**ASSIGNED TASK**.
Extract the lines of the material below, beginning with the first and ending with the line that holds "葡萄牙進口,猶如天鵝絨一般柔". Skip every picture.

**DATASET EXCERPTS**.
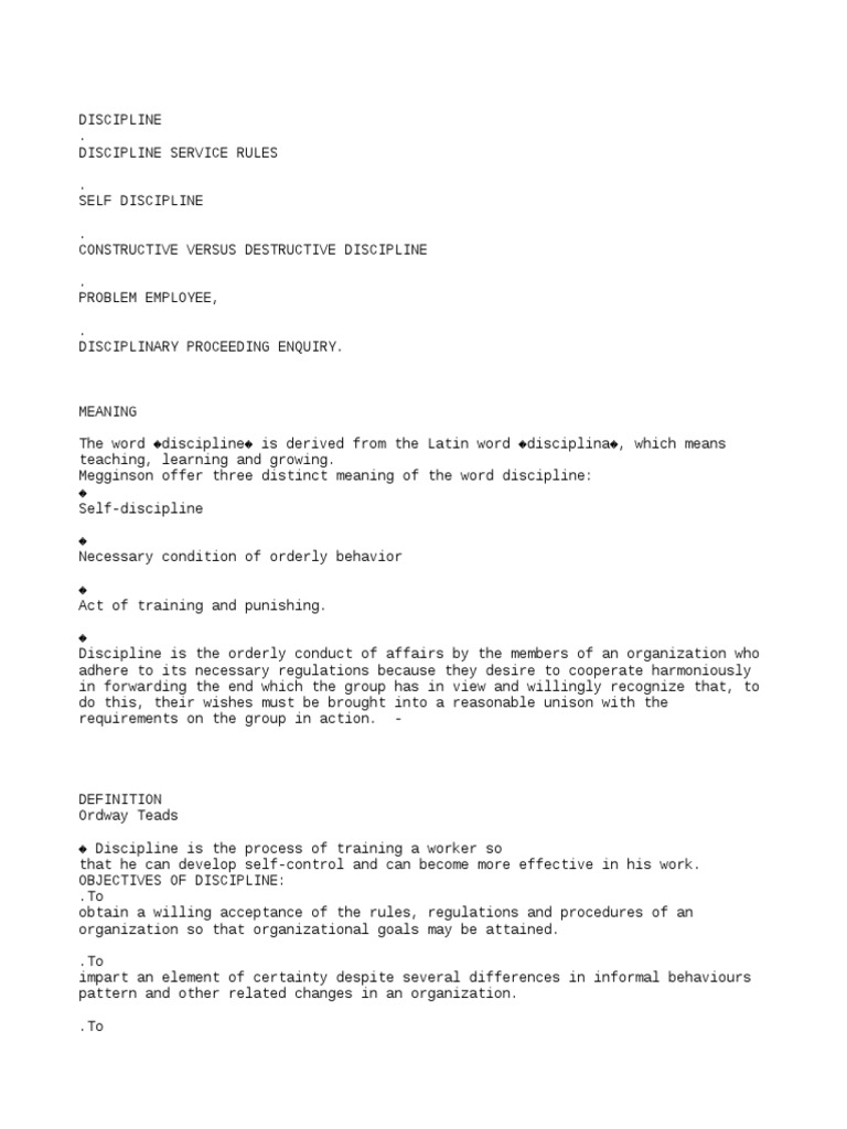 Discipline is the orderly conduct of affairs by the members of an organization who
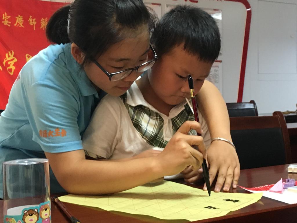 此外,志愿者们还向孩子们介绍了有关毛笔的知识,孩子们在志愿者们的带领下进行了毛笔执笔、横竖撇捺等书写练习。“梦想”、“中国”、“安庆”、自己的名字……这些字不仅仅呈现在纸上,更深深印刻在大家的心上。
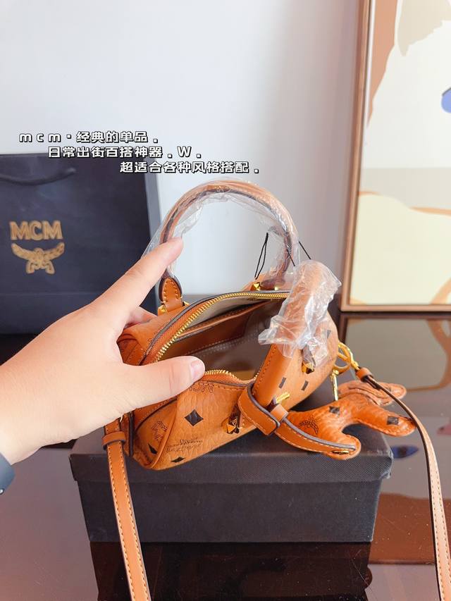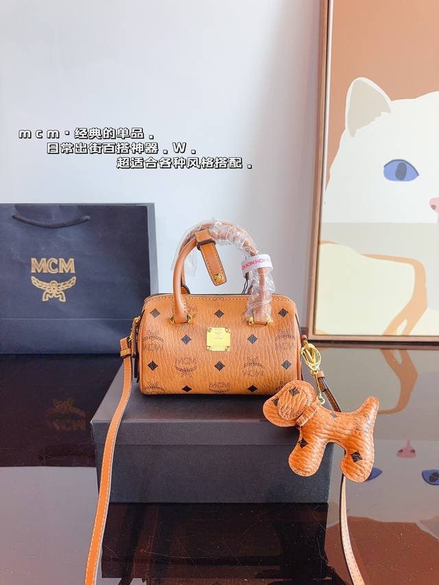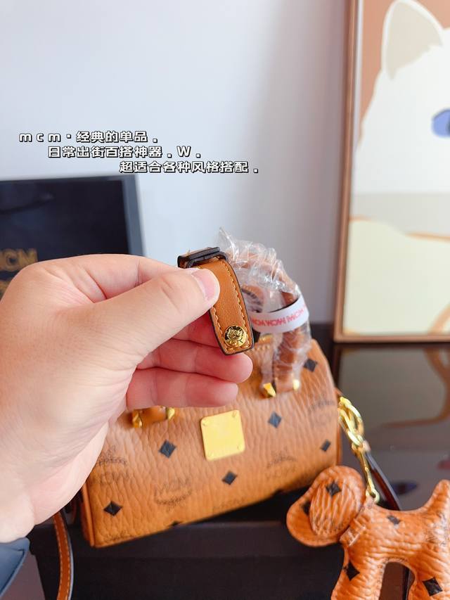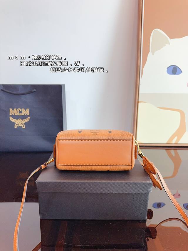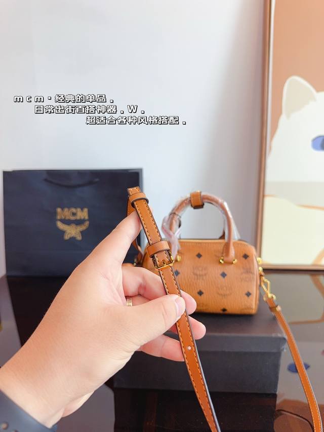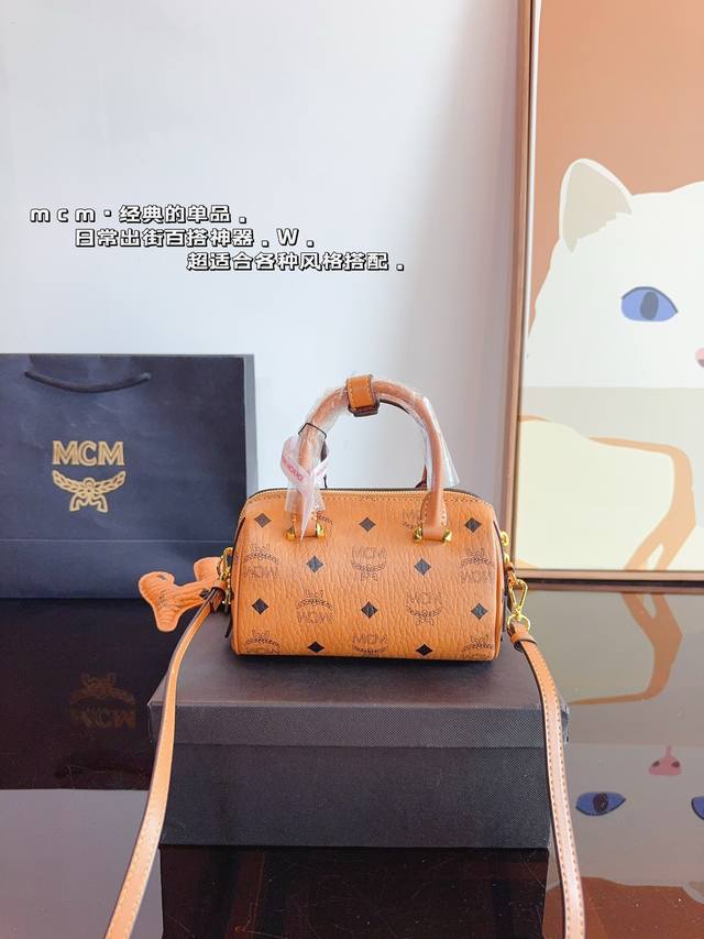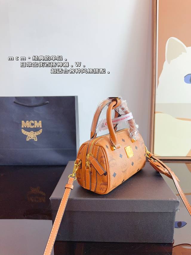 配礼盒 Mcm Mini 波士顿枕头包 简单百搭 颜值高 日常出街首选 潮酷时尚女孩必入款尺寸18*5*10Cm
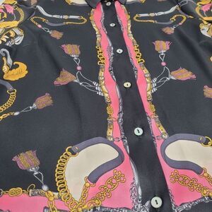 TOPSHOP blouse horsebit gold chain tassel button up polyester shirt 6
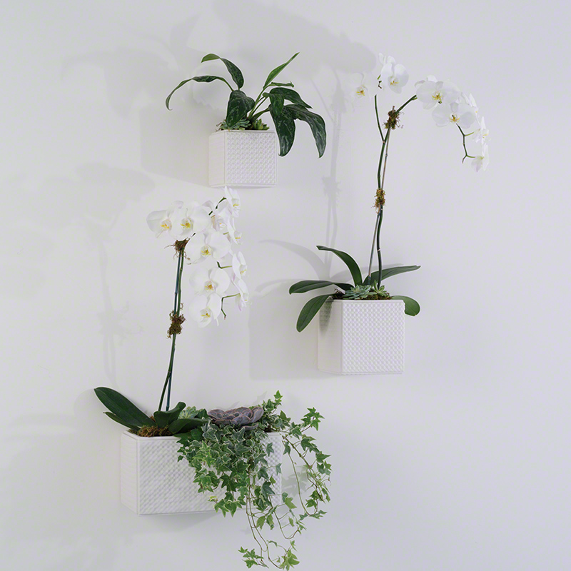 葡萄牙進口,猶如天鵝絨一般柔和的啞白色陶瓷,被壓印上獨特的漣漪圖案,輪廓變得更加鮮明。這些線型紋理的牆掛花瓶,不僅是出色的牆上花器,空置時更能營造出清爽沉靜的氛圍。可選多個不同尺寸的花瓶,分別排列置掛於牆面上。
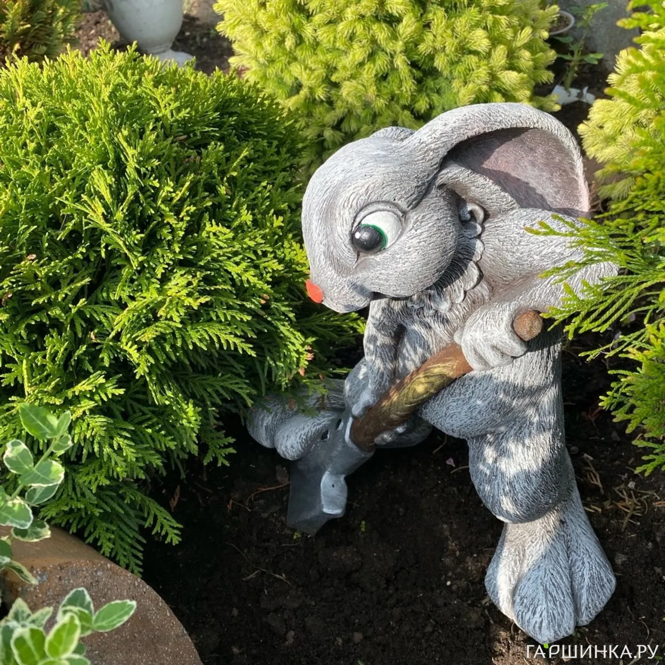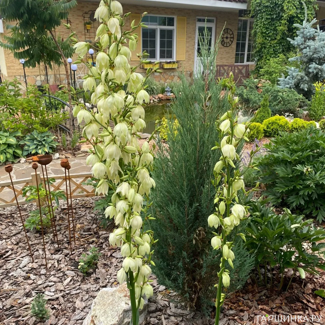 А ещё в этом году там и по всему участку поселилась семья зайчиков помогайчиков, Копайка вдохновляет к труду, Дзен медитирует, Кевин просто расслабляет, качаясь на сосне. А Серж это зайчик мужа, его так зовут и мы с ним с 1978 года вместе. Лягушки плавают в пруду, там тоже цветут нимфеи и лилии с кувшинками, а по берегу растет ирис жёлтый из Гаршинки.
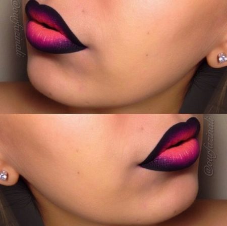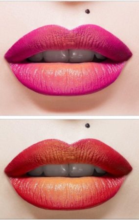 Тим, хто любить образи «погарячіше» і завжди прагне бути на модній хвилі, стилісти в цьому році рекомендують вибирати макіяж для губ омбре. І знову, актуальна ідея знайдеться для кожного: матові і глянсові текстури, пастельні і контрастні кольори — все, що завгодно душі модниці. Якщо захочеться, то можна поєднувати тон помади з відтінком нігтів — вийде досить незвичайний альянс американського манікюру (помада і гель-лак в тон) і подвійні.
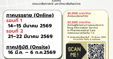 ๋5 มิ.ย. 2024หลักสูตรการฝึกอบรมระยะสั้นการบริบาลทางเภสัชกรรม ประกาศนียบัตรวิชาชีพเภสัชกรรม สาขาเภสัชกรครอบครัว
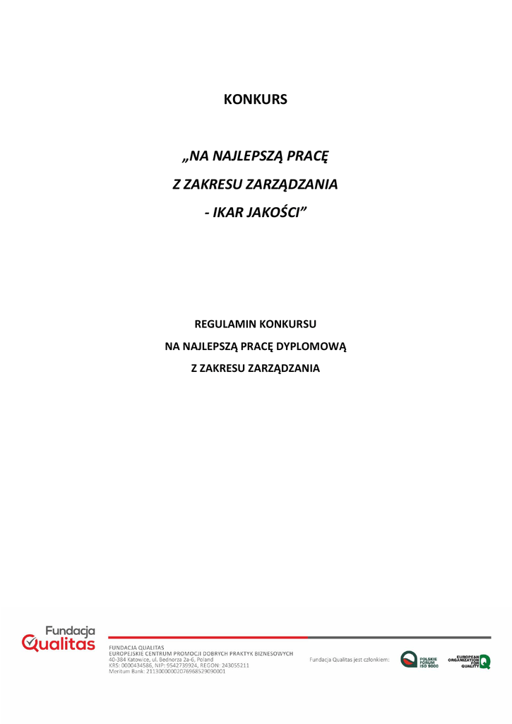 KONKURS „NA NAJLEPSZĄ PRACĘ Z ZAKRESU ZARZĄDZANIA - IKAR JAKOŚCI” REGULAMIN KONKURSU NA NAJLEPSZĄ PRACĘ DYPLOMOWĄ Z ZAKRESU ZARZĄDZANIA §1 Pomysłodawcą i organizatorem konkursu na najlepszą pracę dyplomową jest Fundacja Qualitas Europejskie Centrum Dobrych Praktyk Biznesowych z siedzibą w Katowicach. Fundacja Qualitas zastrzega sobie prawo zmian w niniejszym regulaminie konkursu, a także interpretacji spraw spornych. §2 Konkurs na najlepszą pracę dyplomową realizowany jest na podstawie zgłoszeń konkursowych przesłanych na adres Fundacji Qualitas przez promotorów prac obronionych zarówno w technicznych, jak i ekonomicznych, państwowych i prywatnych uczelniach w Polsce. §3 Idea konkursu ma służyć promowaniu: - autorów nagrodzonych wyróżniających się prac dyplomowych realizowanych na poziomie pierwszego i drugiego stopnia kształcenia wyższego; - tematyki zarządzania jakością; - stworzeniu stałej platformy wymiany informacji pomiędzy studentami i absolwentami uczelni a przedstawicielami świata biznesu; - rozwiązań naukowych, mogących mieć lub mających zastosowanie praktyczne w działalności gospodarczej. §4 Tryb naboru oraz wymogi wobec autorów i ich prac zgłaszanych do konkursu: 4.1. W konkursie zgłaszane są prace w następujących kategoriach: - kategoria pierwsza konkursu – prace dyplomowe inżynierskie, licencjackie, - kategoria druga konkursu – prace dyplomowe magisterskie, z zakresu wszystkich obszarów i dyscyplin nauki, obronione w na terytorium Polski i ukierunkowane na tematykę zarządzania. uczelniach 4.2. Tematyka zgłoszonych prac musi być aktualna i odpowiadać współczesnym zagadnieniom z zakresu zarządzania. Fundacja Qualitas zastrzega sobie prawo podawania w ramach realizacji konkursu obszarów tematycznych prac na stronie internetowej z co najmniej rocznym wyprzedzeniem. Przedmiot badawczy prac powinien dotyczyć szeroko rozumianej problematyki wdrażania, utrzymania, funkcjonowania i doskonalenia zarządzania jakością. Walory metodologiczne prac winny prezentować wysoki poziom, adekwatny do wymogów stawianych pracom inżynierskim, licencjackim i magisterskim. Preferowanymi wyróżnikami pracy są walory: naukowe, poznawcze i praktyczno – wdrożeniowe. 4.3. Do konkursu przyjmowane są prace dyplomowe zakończone w danym roku konkursowym, w którym odbywa się konkurs lub kalendarzowym roku poprzednim. 4.4. Pracę do konkursu zgłasza promotor pracy za zgodą dziekana wydziału na formularzu stanowiącym załącznik nr 1 do niniejszego Regulaminu. Załącznik można pobrać ze strony internetowej www.jakoscroku.pl. Każdy wydział ma prawo zgłoszenia do 3 prac w ramach jednej edycji konkursu, z zastrzeżeniem, że przynajmniej jedna z nich będzie pracą inżynierską i/lub licencjacką. 4.5. Zgłoszenie powinno zawierać: 1) imię i nazwisko autora pracy, dokładne i aktualne dane kontaktowe (adres, adres poczty elektronicznej, numer telefonu), 2) imię i nazwisko oraz tytuł naukowy promotora, nazwę uczelni, wydziału i instytutu (katedry) wraz z dokładnym adresem, w której zgłaszana praca powstała, 3) temat pracy w języku polskim i angielskim, 4) streszczenie pracy max. 2500 znaków w języku polskim i angielskim, wskazujące na najważniejsze walory pracy, w tym uzyskane wyniki. 5.6. Do formularza zgłoszenia konkursowego pracy wymagane jest dołączenie także: 1) posteru prezentującego wyniki pracy w języku polskim wg zamieszczonego wzoru – załącznik 2, 2) pełnego tekstu pracy w wersji elektronicznej (format doc, docx lub pdf), opisanym zgodnie z załącznikiem 3. §5 Organizacja i tryb pracy Kapituły Konkursu: 5.1. Konkurs rozstrzyga Kapituła Konkursu powołana przez Fundację Qualitas. 5.2. Zadaniem Kapituły Konkursu jest koordynacja i realizacja działań zgodnie z harmonogramem konkursu oraz promowanie idei konkursu. 5.3. Fundacja Qualitas powołuje Przewodniczącego i Sekretarza Kapituły. 5.4. W skład Kapituły Konkursu wchodzą osoby powołane przez Fundację Qualitas. 5.5. Udział promotora pracy w posiedzeniach Kapituły Konkursu nie jest możliwy. 5.6. W postępowaniu konkursowym Kapituły Konkursu wyróżnia się: 1. etap pierwszy – postępowanie kwalifikacyjne - zapoznania się członków Kapituły Konkursu ze zgłoszonymi pracami i przyjęcie ich do postępowania konkursowego, 2. etap drugi – postępowanie konkursowe - rozstrzygnięcie konkursu. 5.7. W sprawach nierozstrzygniętych decydujący głos należy do Przewodniczącego Kapituły. 5.8. W wyniku postępowania konkursowego na najlepszą pracę dyplomową przyznawane są w każdej kategorii nagrody i wyróżnienia: zwycięzca w danej kategorii – laureat oraz dwa wyróżnienia. 5.9. Obrady Kapituły są niejawne. Od decyzji w sprawie przyznania nagrody nie przysługuje odwołanie. §6 Formy nagrody: 6.1. Nagrody w ramach realizowanego konkursu przyznawane są autorom prac. 6.2. Autor oraz promotor każdej zgłoszonej pracy spełniającej kryteria konkursu i zakwalifikowanej do postępowania konkursowego – etap drugi, otrzymuje certyfikat uczestnictwa w konkursie, wstawiany przez Fundację Qualitas. 6.3. Laureatom przyznaje się dyplom „Nagroda za najlepszą pracę dotyczącą zarządzania IKAR JAKOŚCI” wraz z medalem IKAR JAKOŚCI, wyróżnionym autorom prac przyznaje się dyplom „Wyróżnienie za najlepszą pracę dotyczącą systemów zarządzania - IKAR JAKOŚCI”. 6.4. Przedmiot i rodzaj nagrody ustalany jest przez Fundację Qualitas. 6.5. W szczególnych przypadkach pozostawia się możliwość odstąpienia od przyznania nagród i wyróżnień w konkursie w danych kategoriach konkursowych. §7 Przeprowadzanie konkursu: 7.1. Konkurs na najlepszą pracę dyplomową przeprowadzany jest raz w roku kalendarzowym. 7.2. Konkurs na najlepszą pracę dyplomową odbywa się zgodnie z harmonogramem konkursu zatwierdzonym przez Fundację Qualitas. Harmonogram podawany jest do publicznej wiadomości na str
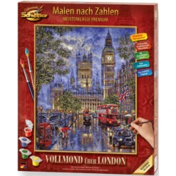 De Houses of Parliament met de beroemde Big Ben staan als geen ander gebouw voor de kosmopolitische stad Londen. De avondsfeer met rode dubbeldekkerbussen en typisch Engelse taxi’s op een glinsterende, regenachtige straat geven het beeld uitstraling en diepte. De subtiel verlichte oriëntatiepunten van de metropool – maar ook de maan die aan de bewolkte hemel verschijnt – onderstrepen de bijzondere magie die uitgaat van deze buitengewone stad. Dit motief blijkt dus een schitterend kunstwerk te zijn voor de hobbyschilderkunst en tegelijkertijd een hommage aan Londen.
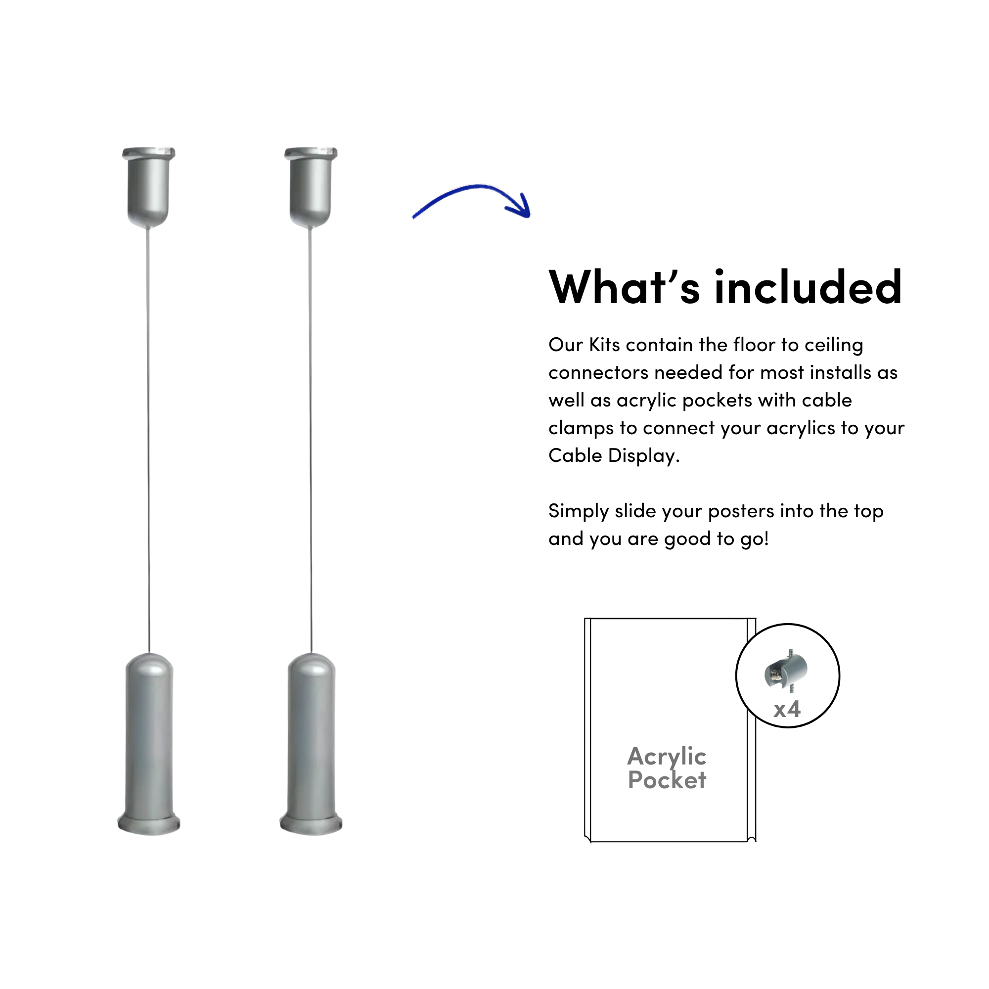 The kit includes acrylic pockets, clamps, and 4m floor to ceiling 1.5mm cables for one vertical row of panels that can be cut to your required length using wire cutters. Screws and plugs are provided to affix the cable to the floor and ceiling.

**OUTPUT FOR THIS EXERCISE**.
 Discipline is the orderly conduct of affairs by the members of an organization who
 此外,志愿者们还向孩子们介绍了有关毛笔的知识,孩子们在志愿者们的带领下进行了毛笔执笔、横竖撇捺等书写练习。“梦想”、“中国”、“安庆”、自己的名字……这些字不仅仅呈现在纸上,更深深印刻在大家的心上。
 配礼盒 Mcm Mini 波士顿枕头包 简单百搭 颜值高 日常出街首选 潮酷时尚女孩必入款尺寸18*5*10Cm
 TOPSHOP blouse horsebit gold chain tassel button up polyester shirt 6
 葡萄牙進口,猶如天鵝絨一般柔和的啞白色陶瓷,被壓印上獨特的漣漪圖案,輪廓變得更加鮮明。這些線型紋理的牆掛花瓶,不僅是出色的牆上花器,空置時更能營造出清爽沉靜的氛圍。可選多個不同尺寸的花瓶,分別排列置掛於牆面上。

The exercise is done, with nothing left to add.